M. Vaudreuil (François): C'est ça. C'est ça. Donc, ces personnes-là, comme ils vont se retrouver... Si c'était adopté, s'ils se retrouvaient dans deux strates, bien là on a un problème majeur, parce que c'est deux unités d'accréditation, c'est deux compilations d'ancienneté qui sont différentes, et, au niveau de la gestion, ce ne serait pas gérable. Ce ne serait pas gérable et puis ça compliquerait l'existence plus que d'autre chose.
Écoutez, il n'y a rien dans ce projet de loi là, mais rien, rien, rien qu'on trouve positif. On dénature tout l'esprit, toute l'économie des relations de travail au Québec, et puis ça va créer juste des zones de perturbation puis de tension.

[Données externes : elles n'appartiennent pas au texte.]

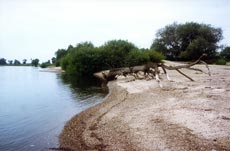 In den Buhnenfeldern der Elbe sind bei Niedrigwasser große, offene Sandflächen zu finden. Sie ähneln den Inseln, Kies- und Sandbänken früherer Zeit und sind offene konkurrenzfreie Lebensräume für eine ganze Fülle von Tier- und Pflanzenarten. Hier liegt teilweise sehr grobes Material vor, Sand und stellenweise sogar Kies. An anderen Stellen kommt es zur Ablagerung von sehr feinem Material, so daß Schluffe und Tone gebildet werden.

Le Président (M. Copeman): Malheureusement, ça met fin à l'échange. Merci, M. Vaudreuil. Moi, j'aimerais savoir pourquoi on ne connaît pas la couleur du cheval du duc de Wellington. Mais ça, c'est...
Mme Harel: Le cheval blanc de Napoléon.
Le Président (M. Copeman): Non, mais de Wellington, là. Moi, je parle de Wellington. On a assez parlé de Napoléon, là.
J'ajourne les travaux de la commission jusqu'à demain, après la période des affaires courantes, c'est-à-dire autour de 11 heures.